To do: Repeat the data word for word and skip the pictures.

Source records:
┄┄┄┄┄┄

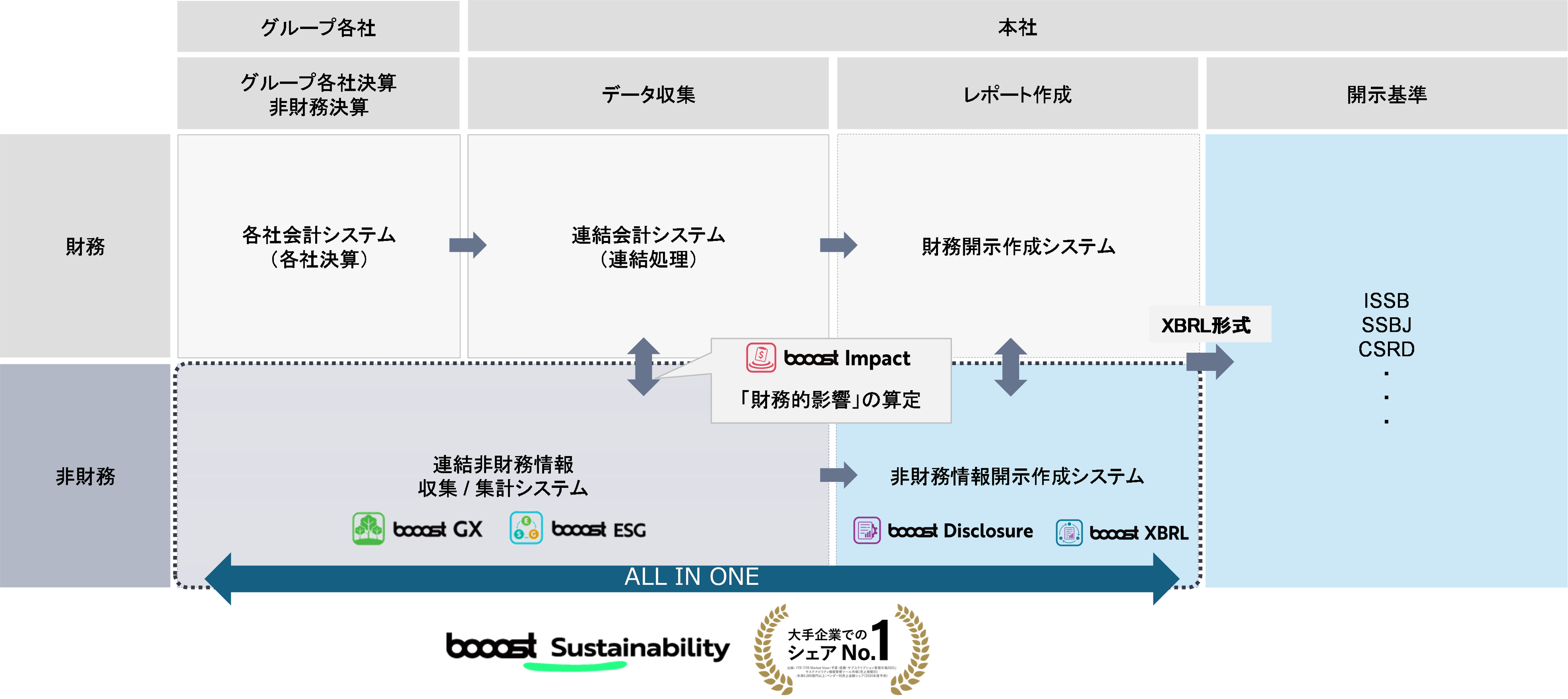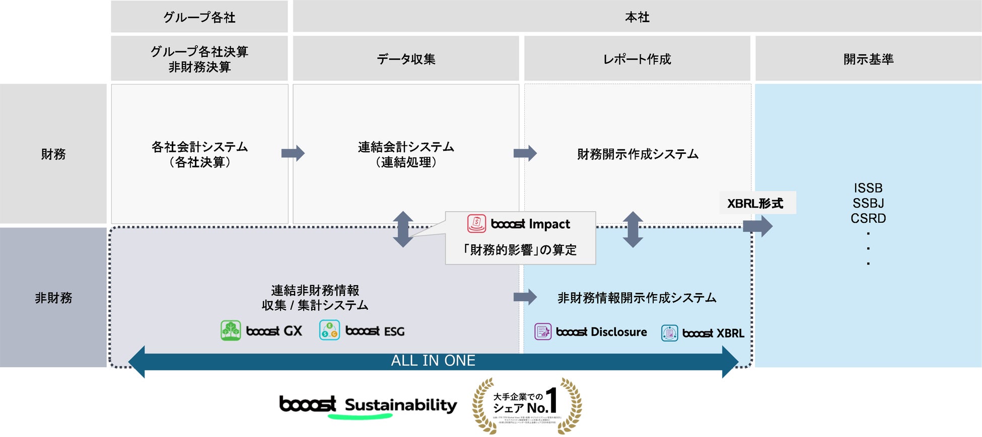当社は、「booost Impact」を通じて非財務的影響を財務諸表に統合し、透明性の高い開示と実効的な経営判断・投資家対話を可能にするとともに、企業のサステナビリティ経営の推進をサポートすべく、「booost Impact」をはじめ、「booost Disclosure」、「booost XBRL」各種機能を拡張することで、サステナビリティERP「booost Sustainability」をさらに進化させ、財務と非財務を統合した“新しい経営OS”の提供と、企業の“攻めのサステナビリティ経営”の実現を推進してまいります。
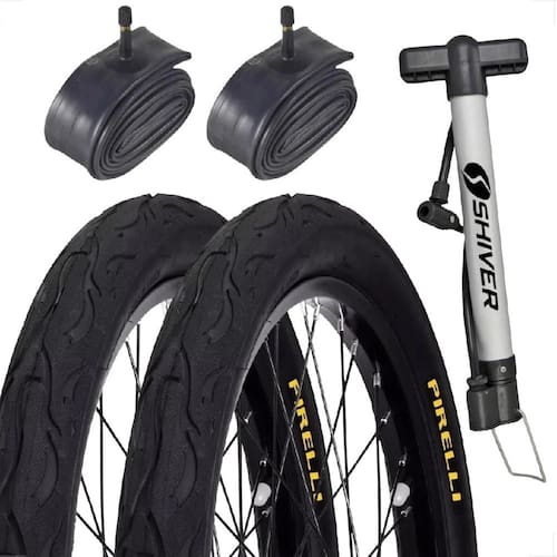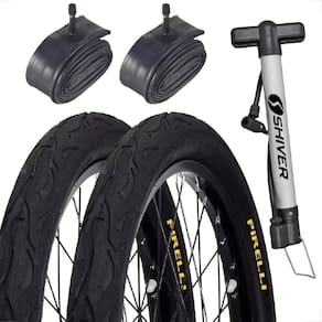 Itens inclusos: 2 unidades Pneu Pirelli Tornado Beta Aro 26x2.125 2 unidades camara de ar aro 26 Shiver Bico grosso 33mm 1 unidade bomba de ar manual shiver 300X29MM
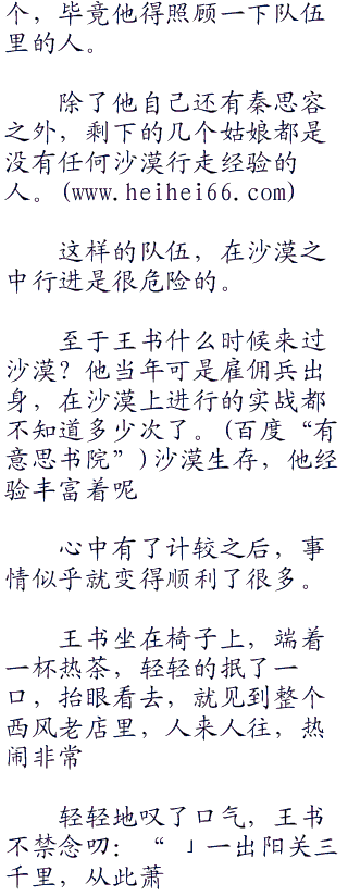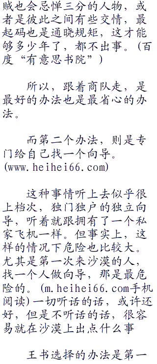 再这样的地方,最简单的办法,就是找到一个商队,然后和商队的人合流,跟着他们走。他们都会有专业的向导,或者是走了多年的老人。这样的人,在沙漠之上摸爬滚打了这么多年,对沙漠的熟悉仅次于自己的老婆。而且,他们人多势众,就算是真出了点什么事,也可以解决的了,最重要的是,他们门路清,能够在这条路上驰骋多年的,多是马
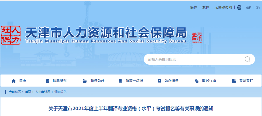 從天津市人力資源和社會(huì)保障局獲悉,2021年上半年天津市翻譯專業(yè)資格(水平)考試報(bào)名等有關(guān)事項(xiàng)的通知已公布,報(bào)名時(shí)間為4月6日-4月13日,考試時(shí)間為6月19-6月20日,準(zhǔn)考證打印時(shí)間為6月16日-18日,繳費(fèi)時(shí)間為4月15日-19日,具體詳情如下:
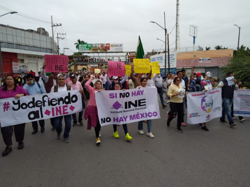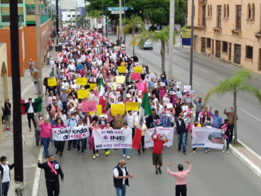 Asociaciones civiles y sociedad en general que conformaron una columna de poco más de cinco mil personas, marcharon éste domingo por la avenida hidalgo, en Tampico hasta la plaza de Armas, en franca desaprobación a la reforma electoral, que planteó el jefe del ejecutivo al congreso de la unión y que en éstos momentos se encuentra en análisis y discusión.

┄┄┄┄┄┄

The completed task:
当社は、「booost Impact」を通じて非財務的影響を財務諸表に統合し、透明性の高い開示と実効的な経営判断・投資家対話を可能にするとともに、企業のサステナビリティ経営の推進をサポートすべく、「booost Impact」をはじめ、「booost Disclosure」、「booost XBRL」各種機能を拡張することで、サステナビリティERP「booost Sustainability」をさらに進化させ、財務と非財務を統合した“新しい経営OS”の提供と、企業の“攻めのサステナビリティ経営”の実現を推進してまいります。
 Itens inclusos: 2 unidades Pneu Pirelli Tornado Beta Aro 26x2.125 2 unidades camara de ar aro 26 Shiver Bico grosso 33mm 1 unidade bomba de ar manual shiver 300X29MM
 再这样的地方,最简单的办法,就是找到一个商队,然后和商队的人合流,跟着他们走。他们都会有专业的向导,或者是走了多年的老人。这样的人,在沙漠之上摸爬滚打了这么多年,对沙漠的熟悉仅次于自己的老婆。而且,他们人多势众,就算是真出了点什么事,也可以解决的了,最重要的是,他们门路清,能够在这条路上驰骋多年的,多是马
 從天津市人力資源和社會(huì)保障局獲悉,2021年上半年天津市翻譯專業(yè)資格(水平)考試報(bào)名等有關(guān)事項(xiàng)的通知已公布,報(bào)名時(shí)間為4月6日-4月13日,考試時(shí)間為6月19-6月20日,準(zhǔn)考證打印時(shí)間為6月16日-18日,繳費(fèi)時(shí)間為4月15日-19日,具體詳情如下:
 Asociaciones civiles y sociedad en general que conformaron una columna de poco más de cinco mil personas, marcharon éste domingo por la avenida hidalgo, en Tampico hasta la plaza de Armas, en franca desaprobación a la reforma electoral, que planteó el jefe del ejecutivo al congreso de la unión y que en éstos momentos se encuentra en análisis y discusión.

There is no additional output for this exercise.